_Exercise_
Under this line are the records; repeat exactly the lines starting at the one containing "اداره برگزارکننده استعلام: اداره" and ending at the one containing "院长臧培卓为改善医疗服务奖颁", omitting pictures.

+++

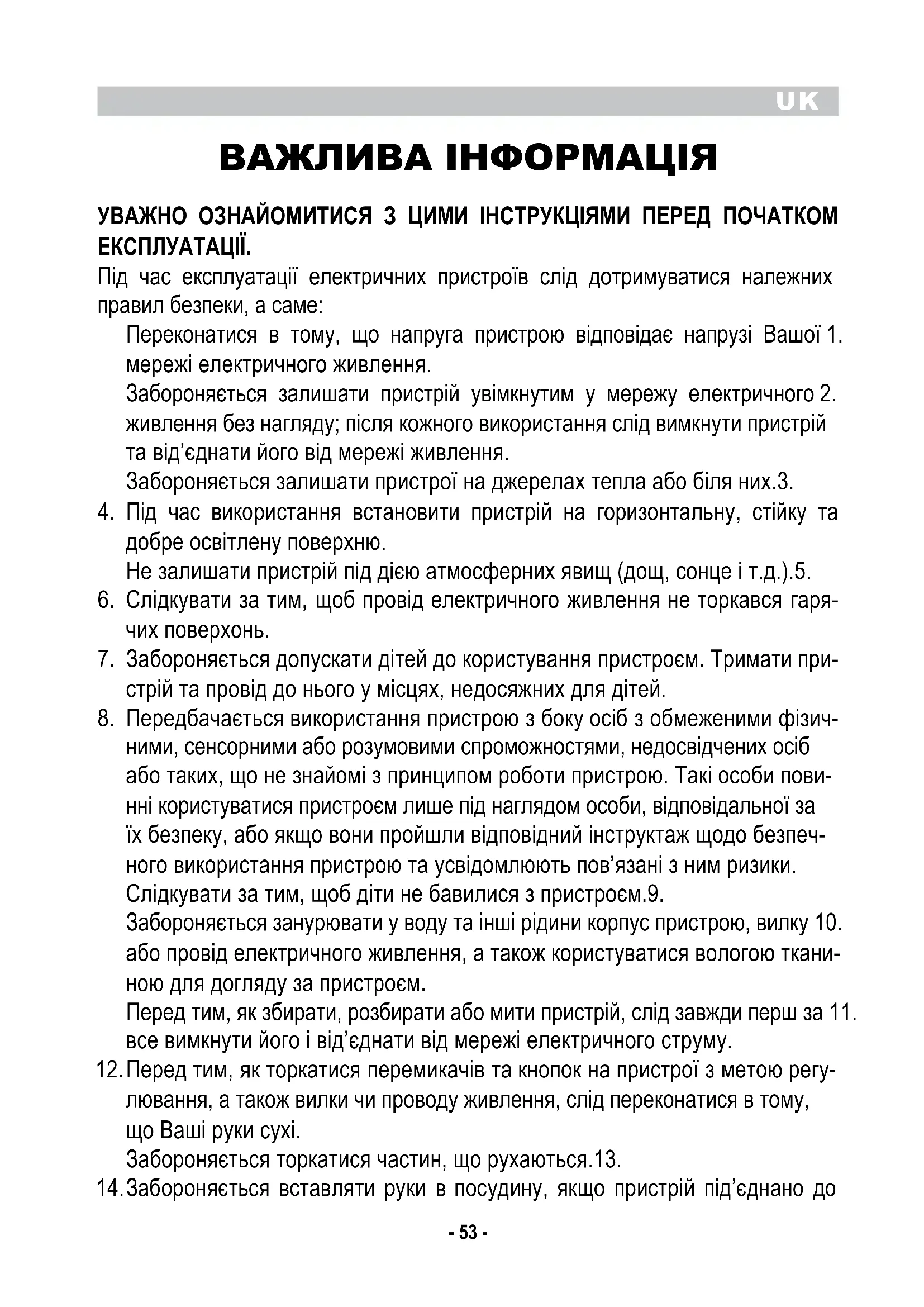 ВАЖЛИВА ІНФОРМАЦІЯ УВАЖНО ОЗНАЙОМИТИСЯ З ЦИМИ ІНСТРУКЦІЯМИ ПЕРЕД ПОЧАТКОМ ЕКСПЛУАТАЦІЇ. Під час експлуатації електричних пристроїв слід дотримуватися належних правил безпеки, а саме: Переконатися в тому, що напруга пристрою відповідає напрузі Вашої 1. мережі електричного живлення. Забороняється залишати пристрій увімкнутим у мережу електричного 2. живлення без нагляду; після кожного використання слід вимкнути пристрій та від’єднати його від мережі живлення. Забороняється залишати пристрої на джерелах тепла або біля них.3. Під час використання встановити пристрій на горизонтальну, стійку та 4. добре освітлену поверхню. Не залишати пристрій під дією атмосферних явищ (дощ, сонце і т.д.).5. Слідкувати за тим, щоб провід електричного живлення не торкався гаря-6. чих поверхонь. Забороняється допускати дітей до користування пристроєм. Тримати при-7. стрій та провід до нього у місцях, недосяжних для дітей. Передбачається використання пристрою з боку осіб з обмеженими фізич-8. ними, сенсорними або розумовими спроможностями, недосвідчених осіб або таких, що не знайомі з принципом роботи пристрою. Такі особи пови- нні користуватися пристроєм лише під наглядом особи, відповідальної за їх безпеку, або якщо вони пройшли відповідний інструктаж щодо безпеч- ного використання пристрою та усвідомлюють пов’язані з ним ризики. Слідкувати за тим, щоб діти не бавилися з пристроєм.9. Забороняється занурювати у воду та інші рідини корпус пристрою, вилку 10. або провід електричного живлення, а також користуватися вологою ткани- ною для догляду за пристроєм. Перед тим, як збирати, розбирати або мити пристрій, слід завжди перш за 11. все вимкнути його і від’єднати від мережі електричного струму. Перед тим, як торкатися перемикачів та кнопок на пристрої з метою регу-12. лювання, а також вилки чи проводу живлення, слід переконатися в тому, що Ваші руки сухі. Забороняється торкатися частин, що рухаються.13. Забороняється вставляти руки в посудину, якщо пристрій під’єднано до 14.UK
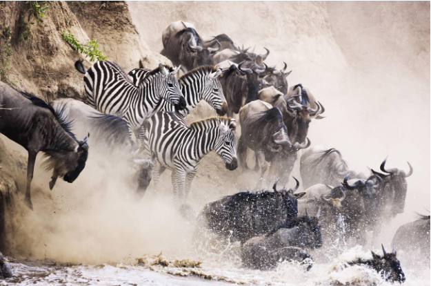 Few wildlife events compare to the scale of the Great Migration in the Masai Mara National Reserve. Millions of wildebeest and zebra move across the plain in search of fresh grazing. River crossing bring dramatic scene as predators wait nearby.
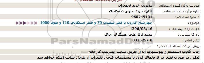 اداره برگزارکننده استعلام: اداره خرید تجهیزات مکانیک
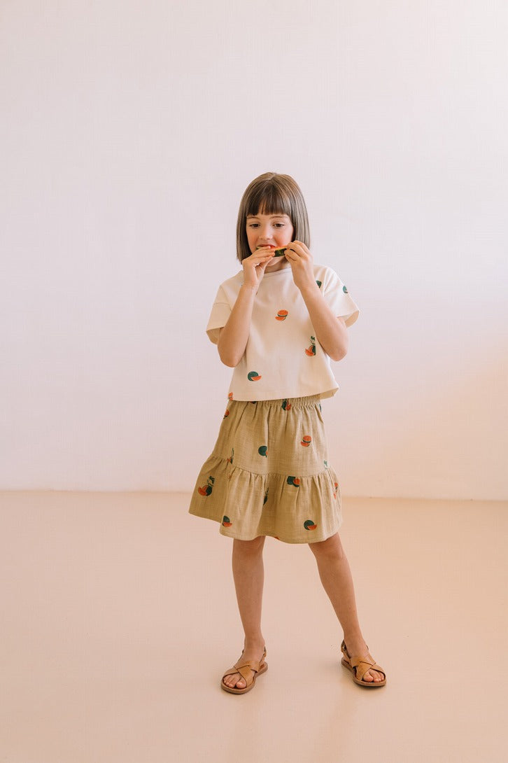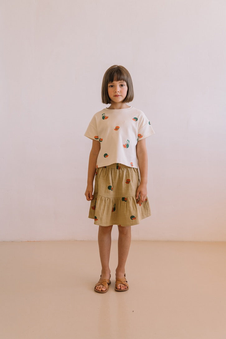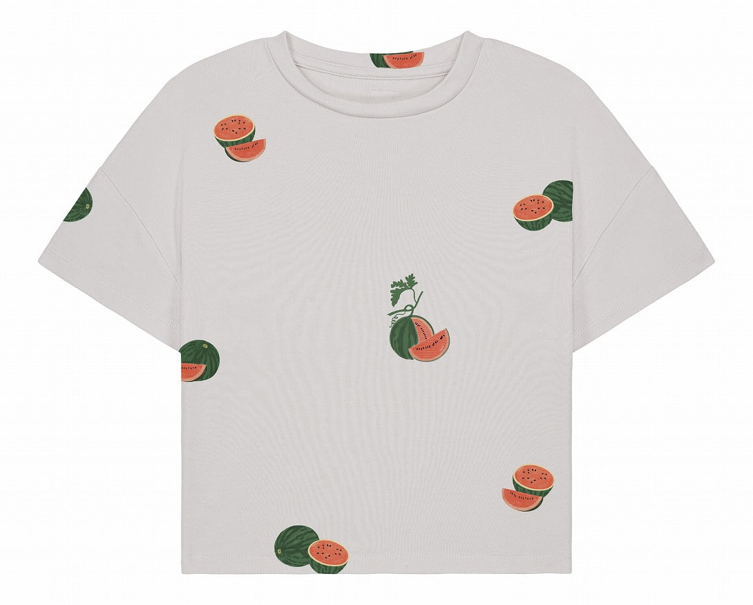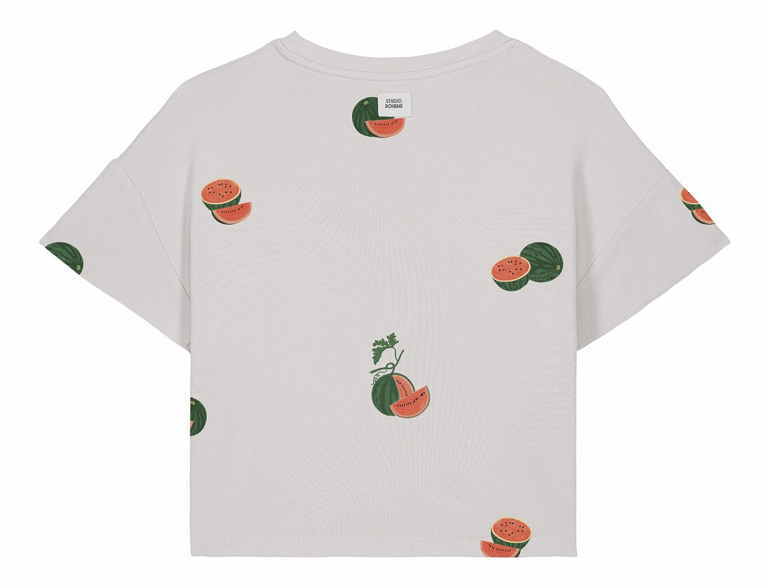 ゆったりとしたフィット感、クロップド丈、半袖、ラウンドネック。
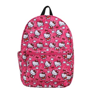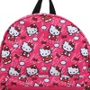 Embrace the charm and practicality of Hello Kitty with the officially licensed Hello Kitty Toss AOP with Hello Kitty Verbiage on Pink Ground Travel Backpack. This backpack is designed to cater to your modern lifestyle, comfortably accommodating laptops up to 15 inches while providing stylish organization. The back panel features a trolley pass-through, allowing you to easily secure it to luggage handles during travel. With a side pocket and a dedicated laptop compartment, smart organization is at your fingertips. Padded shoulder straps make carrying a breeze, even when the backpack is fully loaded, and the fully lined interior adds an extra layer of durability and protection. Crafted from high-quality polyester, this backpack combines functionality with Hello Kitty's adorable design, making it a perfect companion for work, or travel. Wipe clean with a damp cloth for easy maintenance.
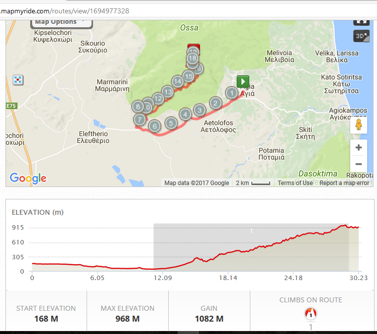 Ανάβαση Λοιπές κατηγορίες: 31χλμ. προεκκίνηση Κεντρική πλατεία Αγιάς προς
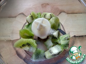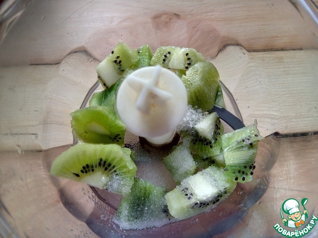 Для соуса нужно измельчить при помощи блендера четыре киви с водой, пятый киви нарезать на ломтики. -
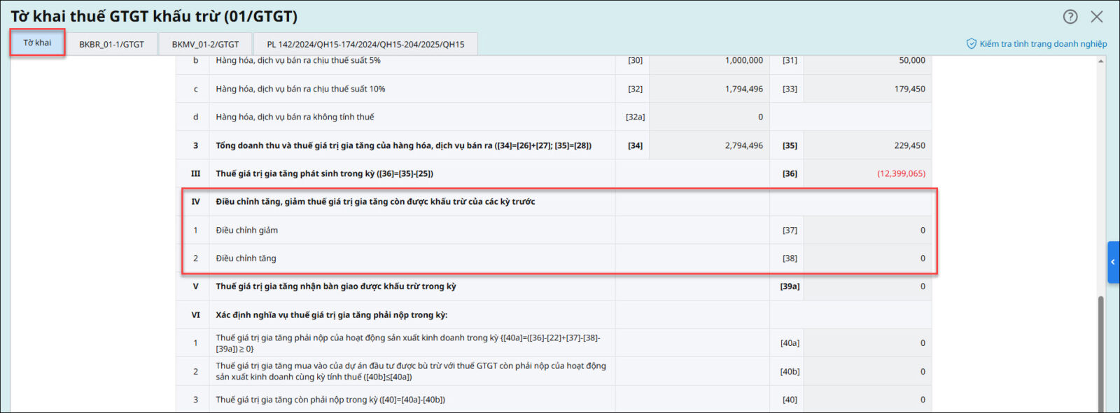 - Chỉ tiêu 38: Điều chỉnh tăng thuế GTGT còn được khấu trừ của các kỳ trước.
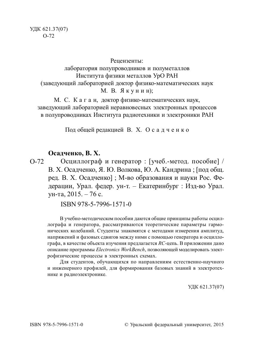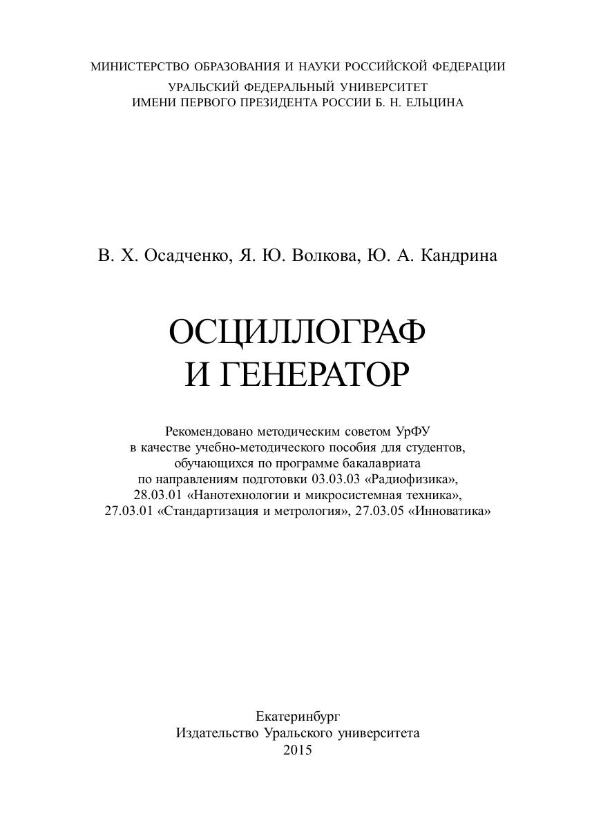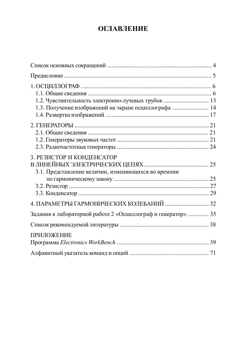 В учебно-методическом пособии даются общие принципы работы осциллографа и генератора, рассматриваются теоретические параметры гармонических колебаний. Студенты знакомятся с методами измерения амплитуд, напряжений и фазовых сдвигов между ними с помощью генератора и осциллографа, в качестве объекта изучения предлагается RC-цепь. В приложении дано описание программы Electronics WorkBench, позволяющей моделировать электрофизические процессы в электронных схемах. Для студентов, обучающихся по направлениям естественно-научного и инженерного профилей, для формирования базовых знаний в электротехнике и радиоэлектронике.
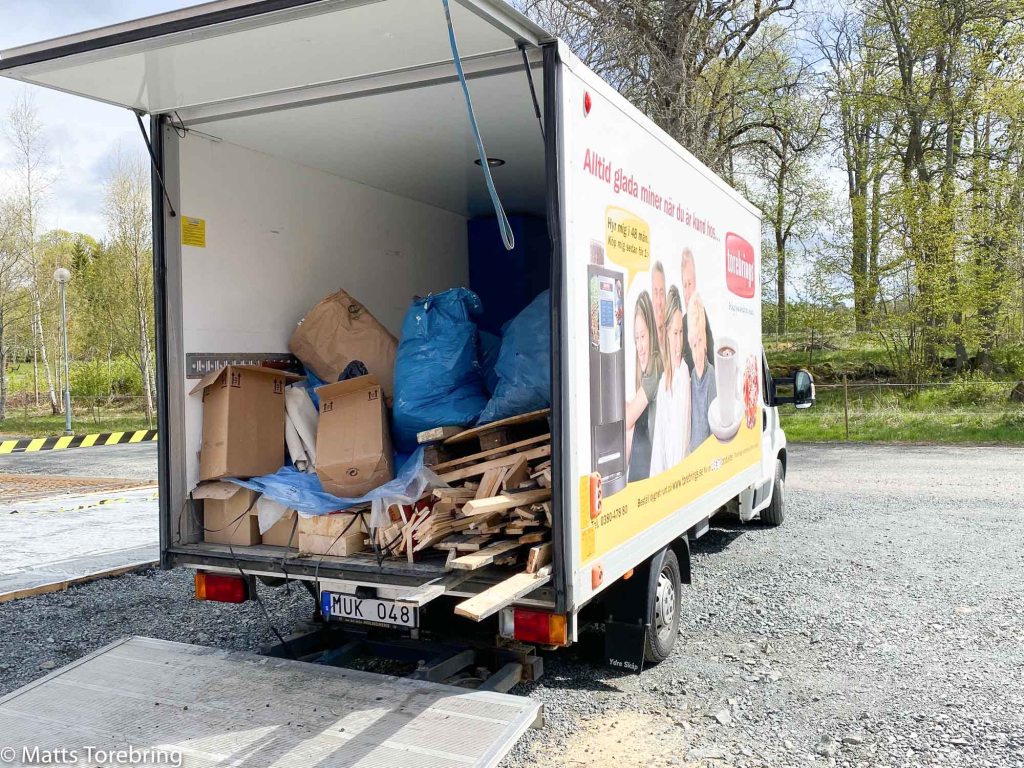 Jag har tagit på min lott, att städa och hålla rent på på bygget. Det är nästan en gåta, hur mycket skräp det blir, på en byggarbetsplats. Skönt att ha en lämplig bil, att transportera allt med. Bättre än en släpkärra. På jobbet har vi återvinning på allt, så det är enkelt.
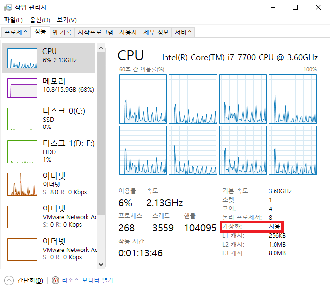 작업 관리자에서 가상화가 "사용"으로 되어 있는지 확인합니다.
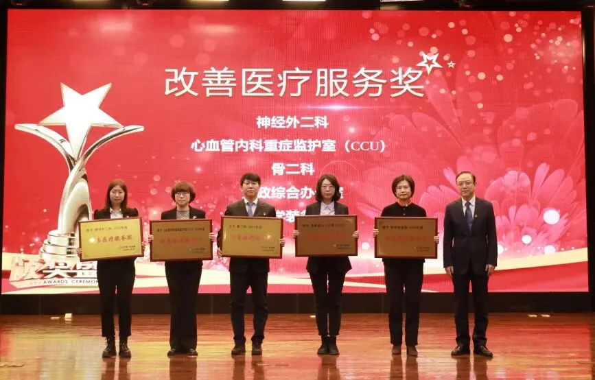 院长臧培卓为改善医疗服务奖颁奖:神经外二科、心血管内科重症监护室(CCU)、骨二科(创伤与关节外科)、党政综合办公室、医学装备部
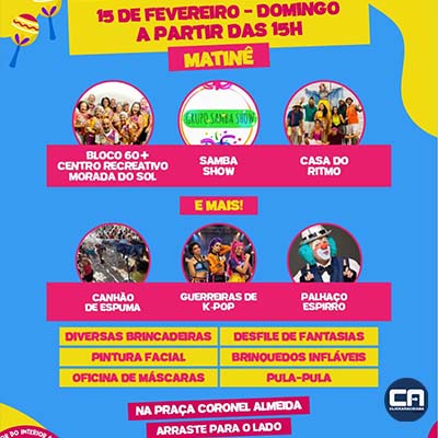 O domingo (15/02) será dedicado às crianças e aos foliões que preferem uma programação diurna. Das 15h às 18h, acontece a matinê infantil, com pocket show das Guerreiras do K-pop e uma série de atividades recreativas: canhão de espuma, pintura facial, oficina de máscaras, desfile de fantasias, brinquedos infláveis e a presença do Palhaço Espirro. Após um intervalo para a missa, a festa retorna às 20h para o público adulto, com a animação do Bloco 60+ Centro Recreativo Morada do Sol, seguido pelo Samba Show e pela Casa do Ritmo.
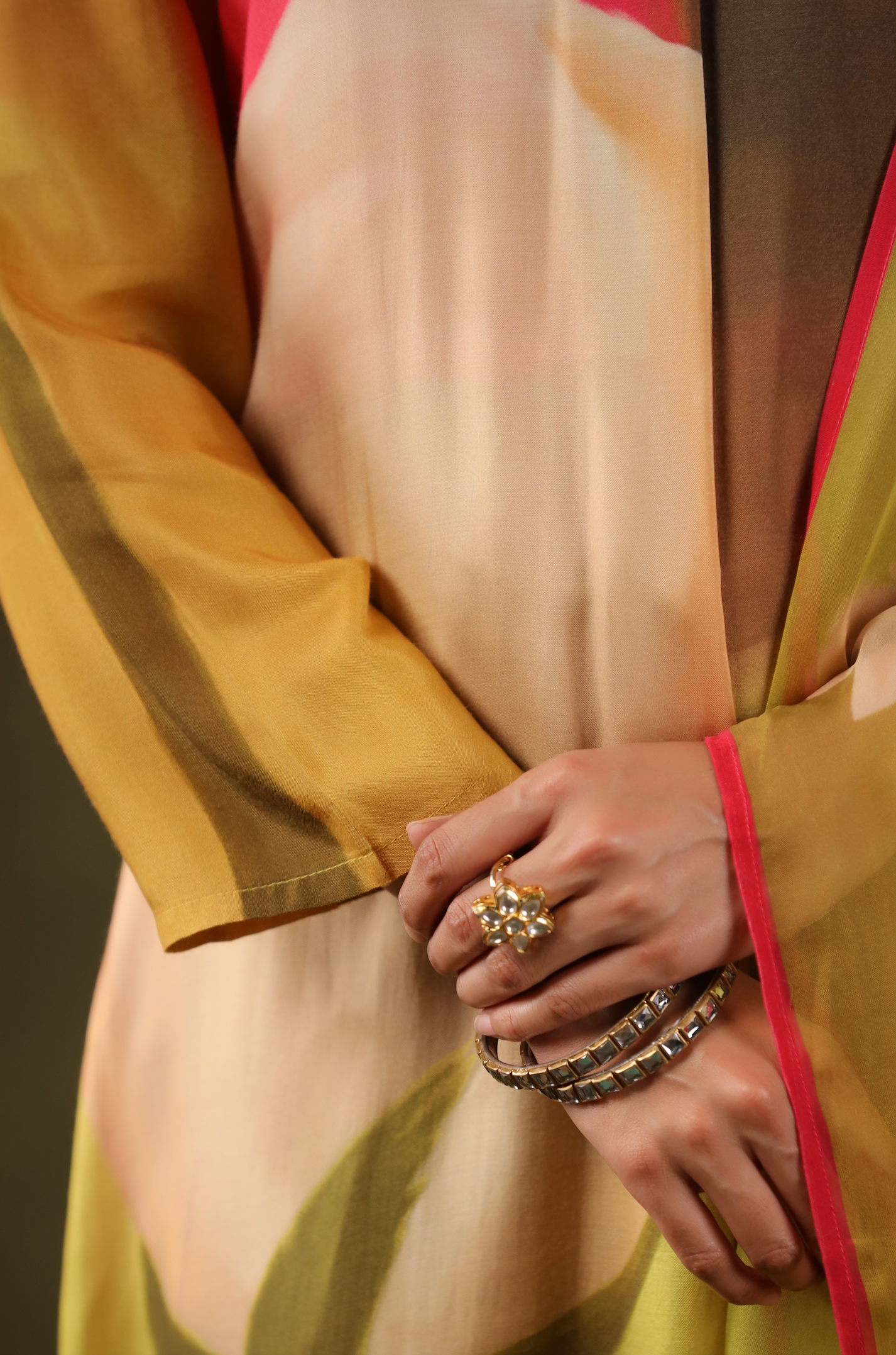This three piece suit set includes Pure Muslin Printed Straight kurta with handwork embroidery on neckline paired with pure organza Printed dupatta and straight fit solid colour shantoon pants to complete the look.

+++

_Written solution_
 اداره برگزارکننده استعلام: اداره خرید تجهیزات مکانیک
 ゆったりとしたフィット感、クロップド丈、半袖、ラウンドネック。
 Embrace the charm and practicality of Hello Kitty with the officially licensed Hello Kitty Toss AOP with Hello Kitty Verbiage on Pink Ground Travel Backpack. This backpack is designed to cater to your modern lifestyle, comfortably accommodating laptops up to 15 inches while providing stylish organization. The back panel features a trolley pass-through, allowing you to easily secure it to luggage handles during travel. With a side pocket and a dedicated laptop compartment, smart organization is at your fingertips. Padded shoulder straps make carrying a breeze, even when the backpack is fully loaded, and the fully lined interior adds an extra layer of durability and protection. Crafted from high-quality polyester, this backpack combines functionality with Hello Kitty's adorable design, making it a perfect companion for work, or travel. Wipe clean with a damp cloth for easy maintenance.
 Ανάβαση Λοιπές κατηγορίες: 31χλμ. προεκκίνηση Κεντρική πλατεία Αγιάς προς
 Для соуса нужно измельчить при помощи блендера четыре киви с водой, пятый киви нарезать на ломтики. -
 - Chỉ tiêu 38: Điều chỉnh tăng thuế GTGT còn được khấu trừ của các kỳ trước.
 В учебно-методическом пособии даются общие принципы работы осциллографа и генератора, рассматриваются теоретические параметры гармонических колебаний. Студенты знакомятся с методами измерения амплитуд, напряжений и фазовых сдвигов между ними с помощью генератора и осциллографа, в качестве объекта изучения предлагается RC-цепь. В приложении дано описание программы Electronics WorkBench, позволяющей моделировать электрофизические процессы в электронных схемах. Для студентов, обучающихся по направлениям естественно-научного и инженерного профилей, для формирования базовых знаний в электротехнике и радиоэлектронике.
 Jag har tagit på min lott, att städa och hålla rent på på bygget. Det är nästan en gåta, hur mycket skräp det blir, på en byggarbetsplats. Skönt att ha en lämplig bil, att transportera allt med. Bättre än en släpkärra. På jobbet har vi återvinning på allt, så det är enkelt.
 작업 관리자에서 가상화가 "사용"으로 되어 있는지 확인합니다.
 院长臧培卓为改善医疗服务奖颁奖:神经外二科、心血管内科重症监护室(CCU)、骨二科(创伤与关节外科)、党政综合办公室、医学装备部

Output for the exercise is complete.